COLLECTED DATA:
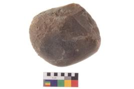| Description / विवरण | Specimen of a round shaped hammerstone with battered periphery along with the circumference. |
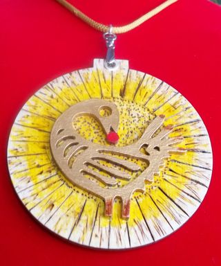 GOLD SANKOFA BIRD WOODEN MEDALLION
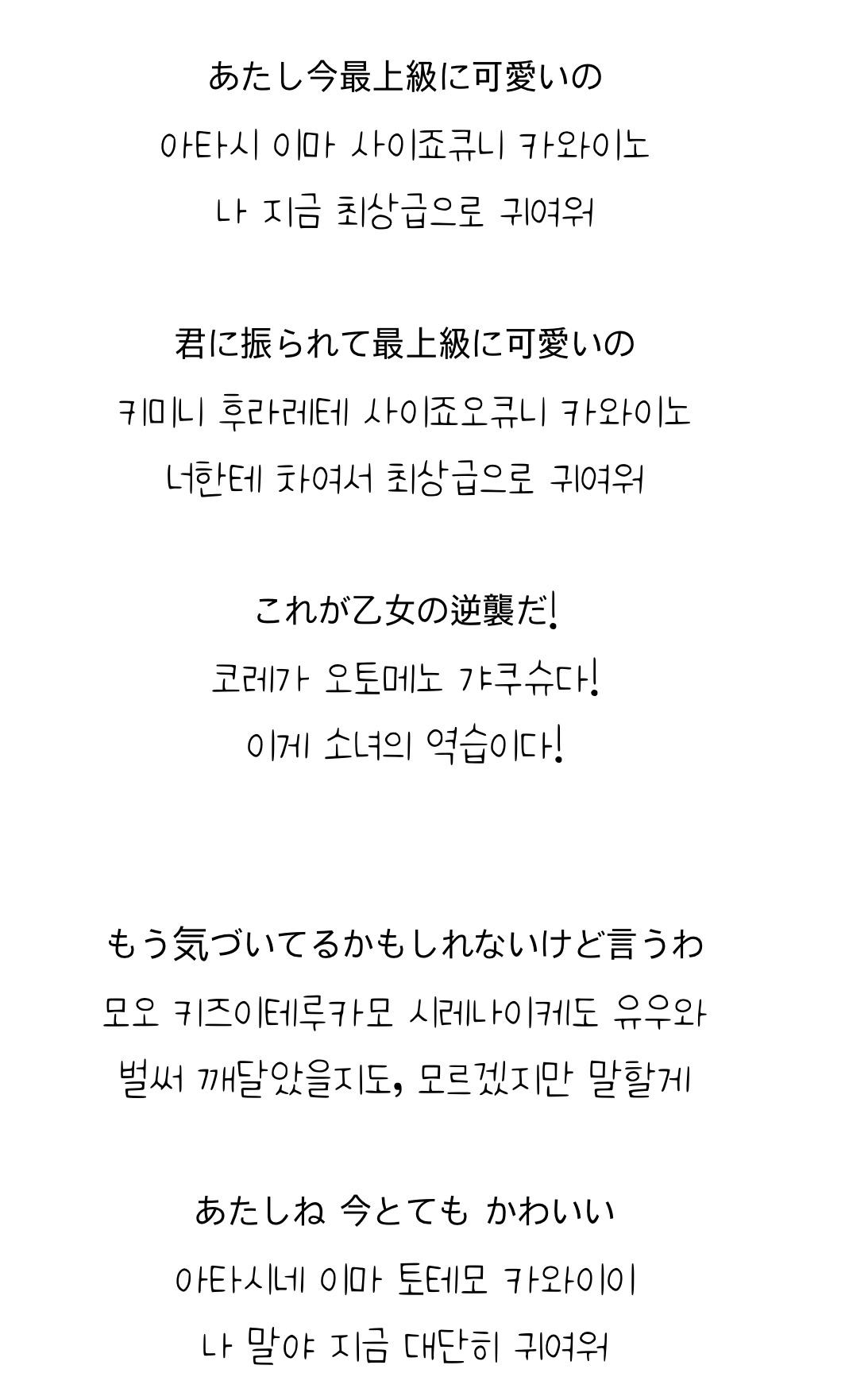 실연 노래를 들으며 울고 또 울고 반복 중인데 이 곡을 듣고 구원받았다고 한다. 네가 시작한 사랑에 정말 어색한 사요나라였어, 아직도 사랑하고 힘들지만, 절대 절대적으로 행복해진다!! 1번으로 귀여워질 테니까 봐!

WORK ITEM:
The material shown above is to be repeated verbatim, and its pictures are to be omitted.

SOLUTION FOR THIS EXERCISE:
| Description / विवरण | Specimen of a round shaped hammerstone with battered periphery along with the circumference. |
 GOLD SANKOFA BIRD WOODEN MEDALLION
 실연 노래를 들으며 울고 또 울고 반복 중인데 이 곡을 듣고 구원받았다고 한다. 네가 시작한 사랑에 정말 어색한 사요나라였어, 아직도 사랑하고 힘들지만, 절대 절대적으로 행복해진다!! 1번으로 귀여워질 테니까 봐!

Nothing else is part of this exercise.